Black Bean Salsa with Baked Chips
This zesty salsa is high in protein and fiber and low in fat, and it makes a great accompaniment to grilled meat, chicken, or fish. It’s quick work to make your own baked tortilla chips, and they are so much more healthful than anything you can buy from the store.
Kale Slaw with Peanut Dressing
Kale makes for a surprising alternative to cabbage in this sweet-sharp slaw. Curly kale, the most widely available, is used here; remove the tough stems and center ribs before slicing the leaves.
Berry Grunt
A grunt, also called a slump, is a fruit dessert that’s cooked on the stove and topped with dumpling batter, which steams in the cooking liquid. In this case, the filling consists of blackberries and raspberries, and the whole-wheat dumplings are flavored with cinnamon and ginger. Serve dumplings splashed with heavy cream, if desired.
Two Dips for Crudités
Vegetables, of course, make healthy snacks, and are especially appetizing when served with flavorful dips. Yellow split peas are the protein-rich basis of one spread; tarama—cured carp or cod roe, used in Greek and Turkish cooking—flavors the other. The roe is soaked in water to remove much of its saltiness, then squeezed of excess moisture. Look for tarama at specialty food stores. Serve dips with crudités and toasted baguette or whole-grain bread slices.
Berry Crush
Berries, blended with ice and almonds, make a simple, refreshing dessert that is also packed with fiber and antioxidants.
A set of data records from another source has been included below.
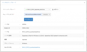 (実際のファイル名やハッシュ値、選択するパッチは上記の画像とは異なる場合があります。適切な値を選択/入力してください)。 - 複数の言語のOSに対して機能更新プログラムを配布する場合、各言語のisoファイルをそれぞれダウンロードし、同様の手順を実行してアップロードします。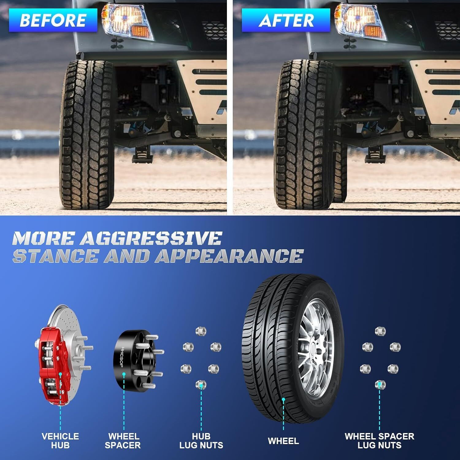 ? Vehicles Fitment: Compatible with 2015-2023 Ford F150, 2015-2023 Ford Expedition, 2015-2023 Ford LOBO, 2015 2016 2017 2018 2019 2020 2021 2022 2023 Lincoln Navigator. ? Specifications: Thickness: 2" (50mm) | Vehicle Bolt Pattern: 6x135mm | Wheel Bolt Pattern: 6x135mm | Center Bore: 87.1mm | Thread Pitch: 14x1.5; Fit for Ford F-150 Expedition 15 16 17 18 19 20 21 22 23. ? High Quality: Forged from 6061-T6 aluminum alloy, CNC automatically machined to ensure high precision and stability, with anodized and heat-treated surfaces to enhance corrosion resistance, and comes with 10.9 grade premium studs. ? Spacer Features: Provide additional clearance between the wheel and hub assembly, thereby improving the vehicle's performance in terms of handling and traction. It will make your vehicle more stable and allow installation of lift/lowering kits and larger traction tires. ? Important Notes: Before purchasing these wheel spacers, please recheck your vehicle compatibility (year/make/model) in the product description. If you have any questions, please contact the customer service team for further assistance.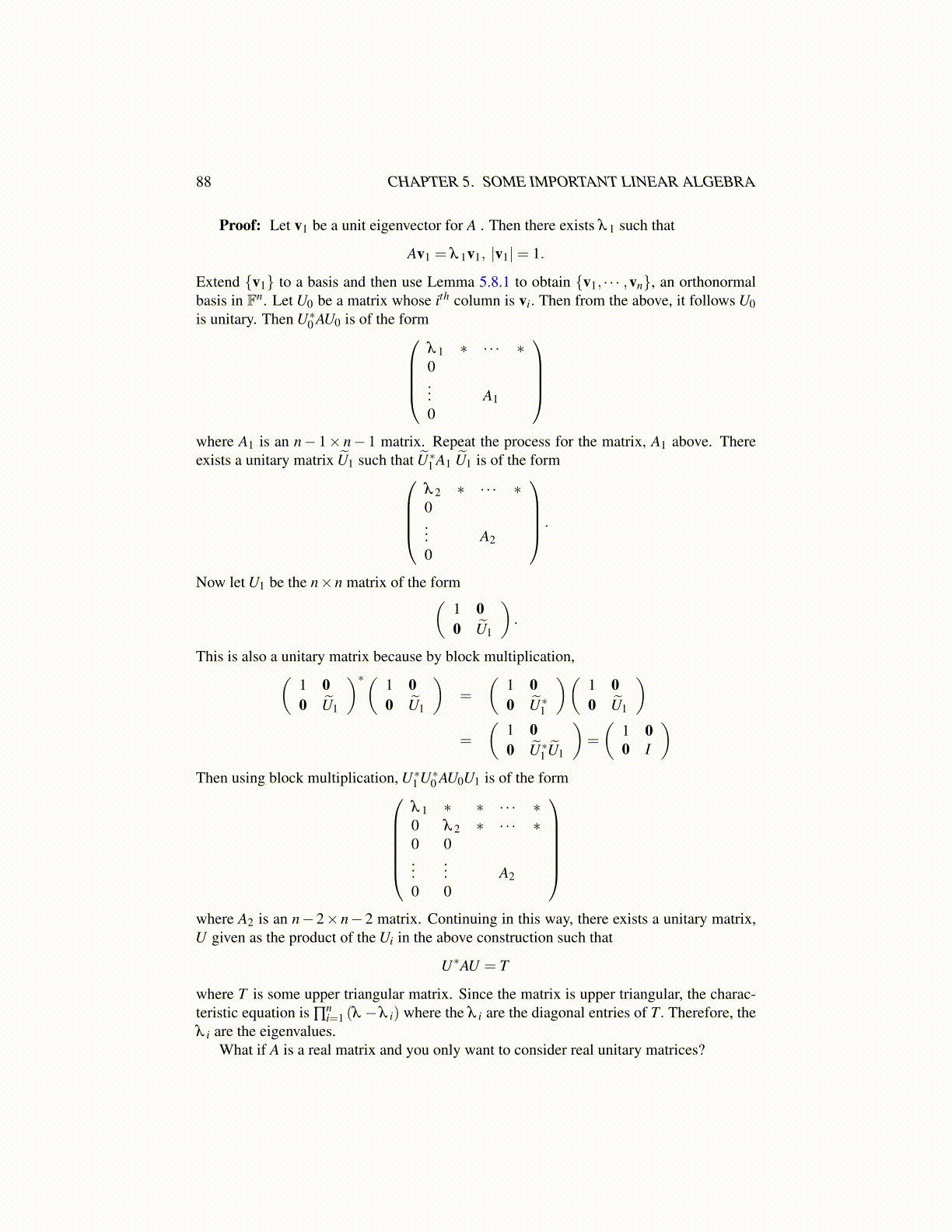 Extend {v1} to a basis and then use Lemma 5.8.1 to obtain {v1, · · · ,vn}, an orthonormalbasis in Fn. Let U0 be a matrix whose ith column is vi. Then from the above, it follows U0is unitary. Then U∗0 AU0 is of the form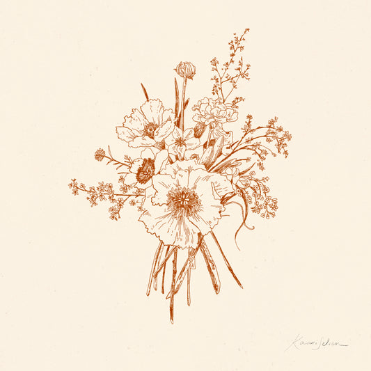 Floral Oval Pen and Ink Drawing Blank Greeting Card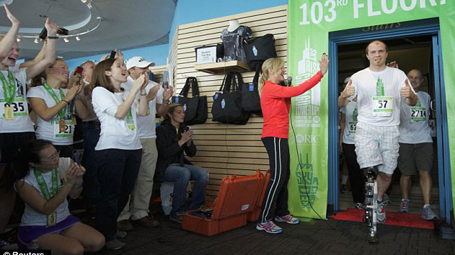 Anh chinh phục tòa nhà chọc trời trong vòng 45 phút. Mục đích của sự kiện này là gây quỹ cho Viện Phục hồi chức năng Chicago.

Raspberry and strawberry crushes are shown here (left to right), but blackberries and blueberries would work well, as would cut-up peaches or bananas.
Berries
Tangy, succulent berries arrive in the spring and summer, dangling from vines and bushes, waiting to be plucked and savored. Blackberries, blueberries, raspberries, and strawberries—all rich in disease-fighting antioxidants—rank among the healthiest fruits and provide some of the tastiest ways to eat well.
Vanilla-Bean Baked Apples
Apples are very versatile—they work well with a variety of nuts, spices, and natural sweeteners. Rome Beauty apples hold up especially well during baking. Here, pecans, vanilla, and dark brown sugar create a winning combination of flavors in skillet-baked apples, irresistible served warm from the oven.
Individual Sweet Potato and Apple Soufflés
The flavor and texture of these miniature spiced soufflés are reminiscent of sweet potato pie, but with far fewer calories and much less fat.